Social Marketing: From Literary Celebrities to Instagram Influencers

I&E 253, CMAC 253, ISS 253, VMS 255

You’ve surely heard the platforms described as “revolutionary,” and you’ve also heard them described as “time wasters.” What you probably haven’t thought about is how similar they are to previous “revolutionary” communications technologies like novels, newspapers, and even language itself. This course explores ways in which studying the masters of previous “social” media technologies—the Shakespeares, Whitmans, and Eliots of the world—can help us understand how influencers on digital social media leverage the same platforms you use every day to market themselves, build their brands, and grow their audiences.

Codes: SS, STS
Instructor: Aaron Dinin

Style, Voice, Editing: Rhetorical Choices & the Art of Effective Writing

WRITING 240S

Approach style as a rhetorical art of selection influenced by audience, purpose, genre, and context. Analyze grammar and syntax through aesthetic and rhetorical lenses. Experiment with different writing styles from various literary works, rhetorical traditions, and disciplinary genres individually and collaboratively. Instruction and practice in methods of developmental editing and copyediting. Analyze values, judgments, preferences and epistemologies inherent in individual, generic, and disciplinary stylistic choices and standards.

Codes: W
Instructor: Benjamin Hojem

The Art of Criticism

JAM 390S-30, ENGLISH 290S-4-30, PUBPOL 290S-30, VMS 390S-30, WRITING 390S-30

One of the most treasured and commercially viable genres of journalism is the review or appraisal of the arts – literary, cinematic, culinary and more. One of the most respected kinds of journalist is the critic. But what constitutes good criticism and what tools does a writer need in order to become a widely read critic? This course, taught by a professor whose resume includes years as a movie critic and then a restaurant critic, will answer those questions as it teaches students how to write journalistic reviews.

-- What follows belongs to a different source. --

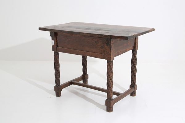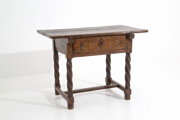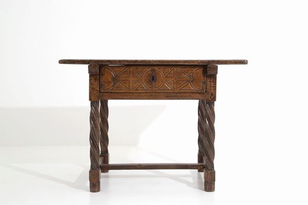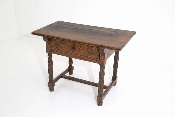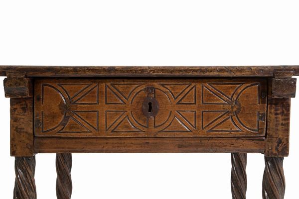 Wooden coffee table with turned legs joined by cross and drawer on the band. Spain. Second half of the 17th century.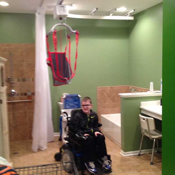 Liam’s family needed a barrier-free lift to help care for his transfers and bathing. KatibugKids helped purchase this system for Liam who has Duchenne Muscular Dystrophy.

Students will read many examples of superior criticism, hear from successful critics and, above all, try their hands at criticism, their focus (e.g. movies, television, restaurants, music, books, etc.) dependent in part on their own passions and existing knowledge

Codes: ALP, W
Instructor:

The Art of Profile Writing

JAM 390S-10, PUBPOL 290S-10, DOCST 390S-10

By exploring one of the most popular and useful formats in journalism—the profile—students in this course will learn to report, write, workshop, and revise a profile of their own. Readings will be newspaper (New York Times, Washington Post) and magazine (New Yorker, Rolling Stone, GQ, Esquire, Vanity Fair, WIRED) profiles of actors, artists, athletes, scientists, lawyers, activists, politicians, and a wide array of “ordinary” people who found themselves in extraordinary situations. Class discussions will focus on interviewing techniques, the ethics of the writer/subject relationship, narrative structure, and how best to unravel the mysteries of human motivation. No reporting experience required, but a willingness to talk to strangers is always a plus.

Instructor:

The Documentary Experience: A Video Approach

DOCST 105S-01, CINE 331S, CULANTH 106S, HISTORY 125S, POLSCI 105S, PUBPOL 170S, VMS 106S

A documentary approach to the study of local communities through video production projects assigned by the course instructor. Working closely with these groups, students explore issues or topics of concern to the community. Students complete an edited video as their final project. Not open to students who have taken this course as Film/Video/Digital 105S.